O aborto foi legalizado na Argentina em 2020 — uma vitória da Onda Verde, movimento pelo aborto nascido no país dois anos antes. O movimento (nomeado pelas bandanas verdes usadas pelas ativistas do aborto) é agora um fenômeno de massa que infundiu nova energia nos movimentos feministas em todo o mundo – particularmente na América Latina.

Seguindo os passos do sucesso da Argentina, nos últimos dois anos, ativistas pelo aborto no México conseguiram que oito estados reconhecessem o direito legal de mulheres e meninas de exercer sua capacidade de escolher se querem ou não ter filhos.

Três dessas vitórias ocorreram em 2022. Hoje, um total de dez dos 32 estados do país permitem o aborto, geralmente até 12 ou 14 semana. As ativistas também conquistaram uma decisão histórica em 2021, quando a Suprema Corte declarou a criminalização do aborto como inconstitucional.

“O futuro que esperamos é que nossa luta continue avançando legal e socialmente”, disse Fanny González, fundadora do Aborto Legal México, ao openDemocracy.

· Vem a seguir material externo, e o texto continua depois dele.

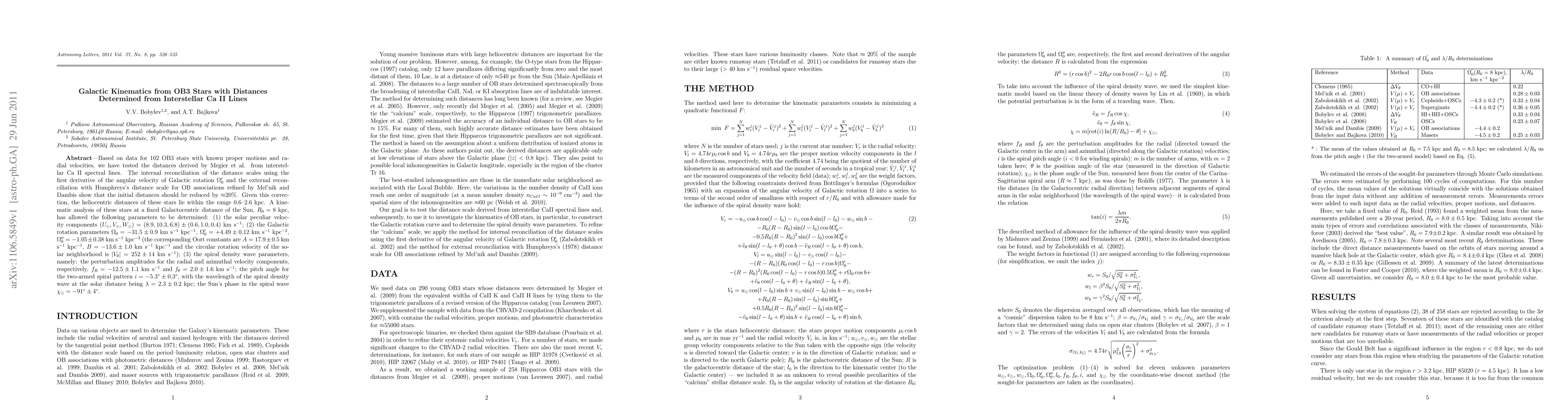 Based on data for 102 OB3 stars with known proper motions and radial velocities, we have tested the distances derived by Megier et al. from interstellar Ca II spectral lines. The internal reconciliation of the distance scales using the first derivative of the angular velocity of Galactic rotation {\Omega}'0 and the external reconciliation with Humphreys's distance scale for OB associations refined by Mel'nik and Dambis show that the initial distances should be reduced by \approx 20%. Given this correction, the heliocentric distances of these stars lie within the range 0.6-2.6 kpc. A kinematic analysis of these stars at a fixed Galactocentric distance of the Sun, R0=8 kpc, has allowed the following parameters to be determined:(1) the solar peculiar velocity components (U_o,V_o,W_o)=(8.9,10.3,6.8)\pm(0.6,1.0,0.4) km/s;(2) the Galactic rotation parameters {\Omega}_o=-31.5\pm0.9 km/s/kpc, {\Omega}'_o=+4.49\pm0.12 km/s/kpc^2, {\Omega}"_o=-1.05\pm0.38 km/s/kpc^3, (the corresponding Oort constants are A=17.9\pm0.5 km/s/kpc, B=-13.6\pm1.0 km/s/kpc and the circular rotation velocity of the solar neighborhood is |V_o|=252\pm14 km/s); (3) the spiral density wave parameters, namely: the perturbation amplitudes for the radial and azimuthal velocity components, respectively, f_R = -12.5\pm1.1 km/s and f_{\theta}=2.0\pm1.6 km/s; the pitch angle for the two-armed spiral pattern i=-5.3\pm0.3 degrees, with the wavelength of the spiral density wave at the solar distance being {\lambda}=2.3\pm0.2 kpc; the Sun's phase in the spiral wave {\chi}_o=-91\pm4 degrees.
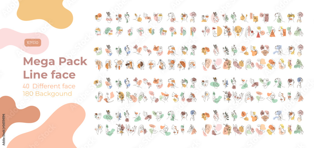 Modern abstract line minimalistic women faces arts set with different shapes for wall decoration, postcard or brochure cover design. Different woman faces. One line art. Mega pack #565114194
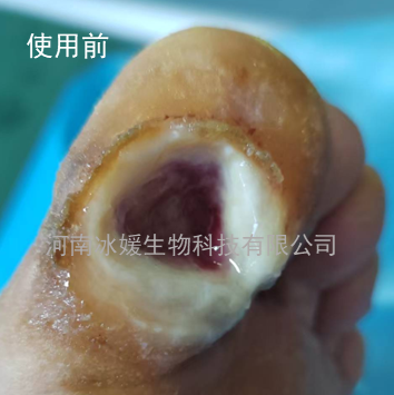 患者40岁,脚趾伤口久治不愈,在客服指导下使用冰媛玉液®外伤愈合液湿敷10小时,之后每天湿敷2小时。
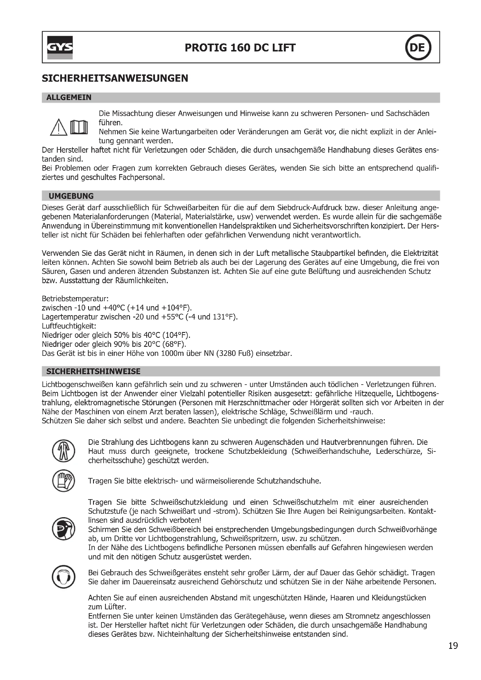 BEDIENUNGSANLEITUNG Protig 160 DC Lift GYS
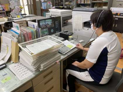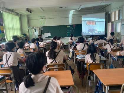 本日朝、児童朝会がありました。TEAMSを使って、職員室のパソコンの前で話しているところを各教室のプロジェクターで表示してもらいました。

Na Colômbia, defensores do aborto apoiaram a decisão da Corte Constitucional em fevereiro que descriminalizou o aborto até 24 semanas. Causa Justa, um movimento de mais de cem grupos e milhares de ativistas de todo o país, apresentou argumentos baseados em evidências ao tribunal e ajudou a mudar o status legal e social do aborto no país.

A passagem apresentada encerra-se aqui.